- Title: Diane Kruger plays agony of terrorism victim in German-language movie
- Date: 26th May 2017
- Summary: CANNES, FRANCE (MAY 23, 2017) (REUTERS) ***WARNING CONTAINS FLASH PHOTOGRAPHY*** VARIOUS OF AKIN ON RED CARPET
- Embargoed: 9th June 2017 17:40
- Keywords: terrorism Cannes film festivalm Diane Kruger In The Fade
- Location: CANNES, FRANCE, VARIOUS FILM LOCATIONS
- City: CANNES, FRANCE, VARIOUS FILM LOCATIONS
- Country: France
- Topics: Arts / Culture / Entertainment,Film,Sport
- Reuters ID: LVA0076IH7VIL
- Aspect Ratio: 16:9
- Story Text: The suicide bombing at a pop concert in Manchester, England, temporarily drew attention at the Cannes Film Festival away from the movies and to the security threat that has bedevilled Europe.

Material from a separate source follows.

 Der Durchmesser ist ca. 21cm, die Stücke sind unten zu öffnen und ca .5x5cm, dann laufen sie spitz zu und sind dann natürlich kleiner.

The human cost of terrorism featured on the Cannes agenda on Friday (May 26), however, when acclaimed Turkish-German filmmaker Fatih Akin presented "In The Fade", starring Diane Kruger as a woman whose husband and young son are killed in a bomb attack.

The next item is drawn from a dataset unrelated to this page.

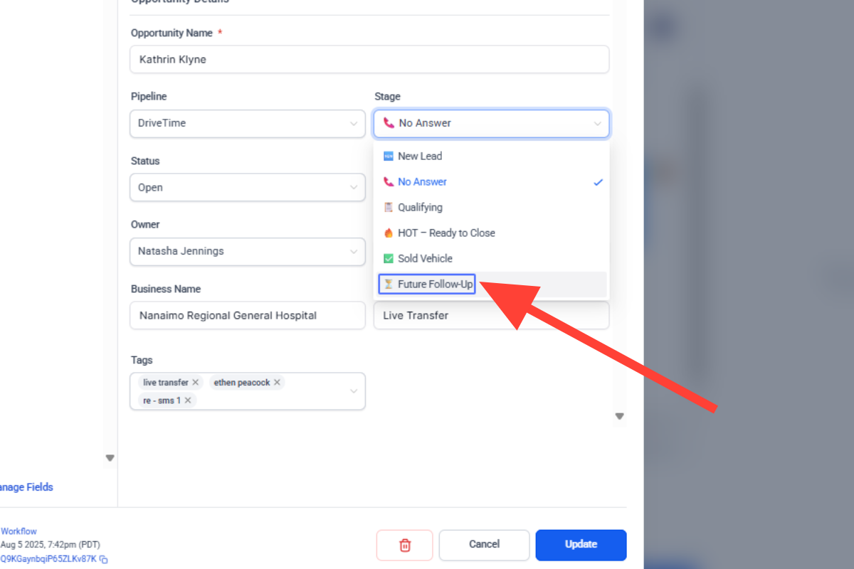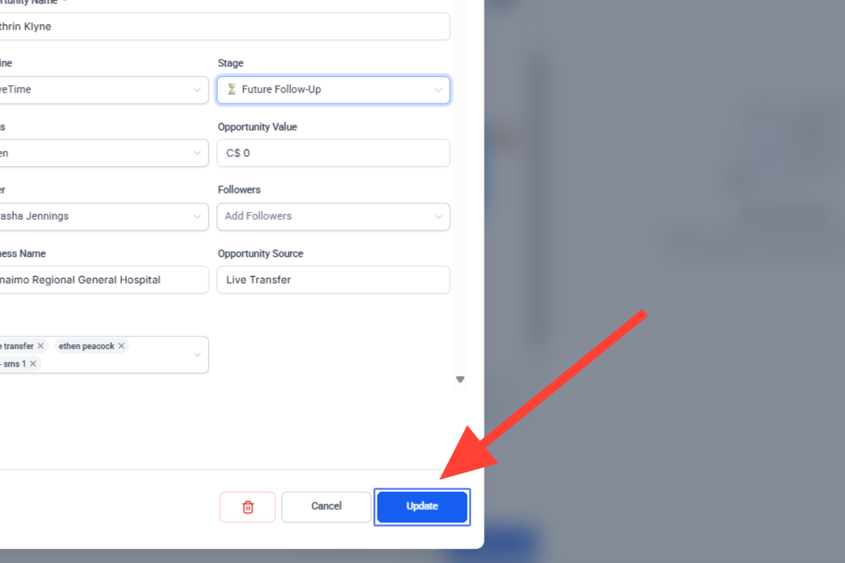 This guide provides a step-by-step process for updating the stage of an opportunity on the Contact Page.

"Terrorism has become such a terrible, nearly daily thing that we live with, and what drew me to the part is that we never get to hear the story of the people that get left behind, we just hear numbers," Kruger told Reuters in an interview.

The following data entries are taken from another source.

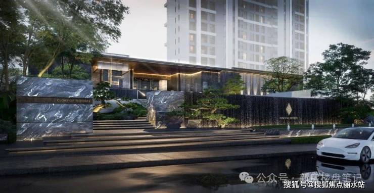立面采用国际豪宅建筑的精奢风格,致敬顶级珠宝卡地亚的奢华美学,以“直线条和玻璃幕”构建现代美学。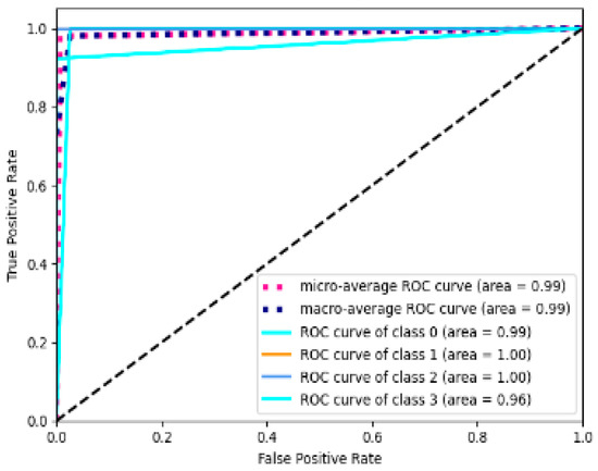 The receiver operating characteristic (ROC) curve can provide a view of the overall performance of the classifier. To verify the effect of the proposed model, the ROC curve is used to evaluate the model. The specific results are shown in Figure 9. It can be seen, in Figure 8, that the CNN-LSTM model proposed in this article has no false positives and no missing conditions. The four types of ROC curves are all pushed to the upper left corner, and the area under the curve (AUC) is close to 1. The closer the area is to 1, the better the classification effect. This proves that the CNN-LSTM model proposed in this paper has a good classification performance. As shown in the table below, we performed five times of ten-fold cross-validation to divide the data set into ten parts, and take turns using nine parts as training data and one part as the test data for testing. Through each test, the corresponding correct rate is obtained, and ten such tests were carried out. Finally, the average of the correct rates of these ten results is used as an estimate of the accuracy of the algorithm.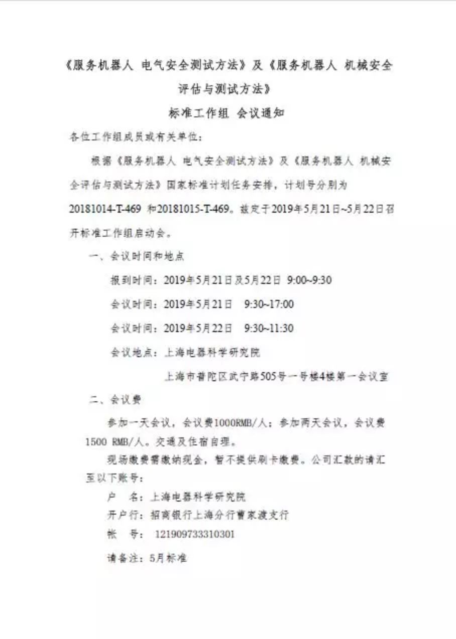 根据《服务机器人 电气安全测试方法》及《服务机器人 机械安全评估与测试方法》国家标准计划任务安排,计划号分别为20181014-T-469 和20181015-T-469。兹定于2019年5月21日~5月22日召开标准工作组启动会。
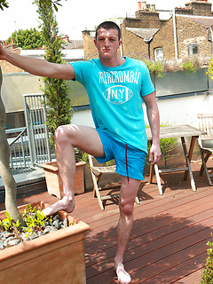 Lean Footballer Nate Enjoys Showing off in the Sun Shine - A Very Hard Uncut Cock & Hair Free Hole!

Born and raised in Germany, Kruger moved to the United States in her early teens and had her breakout role as Helen in the 2004 blockbuster "Troy".
"In The Fade" is not only Kruger's first film in German, it is also the toughest.
"It's probably the most emotional, hardest, physically challenging part I think I have ever played," she said.
"Just holding that grief for this entire movie, the subject matter, obviously, physically being in every scene of a film, carrying a film like this was a first for me as well."
It was at Cannes that the collaboration with Akin took root. When Kruger was on the festival jury in 2012, she sought him out to say she would like to work with him. When Akin proposed the lead role in "In The Fade", she could not believe it.
As the son of Turkish immigrants, Akin said he was driven to make the movie as a response to growing right-wing violence in his country.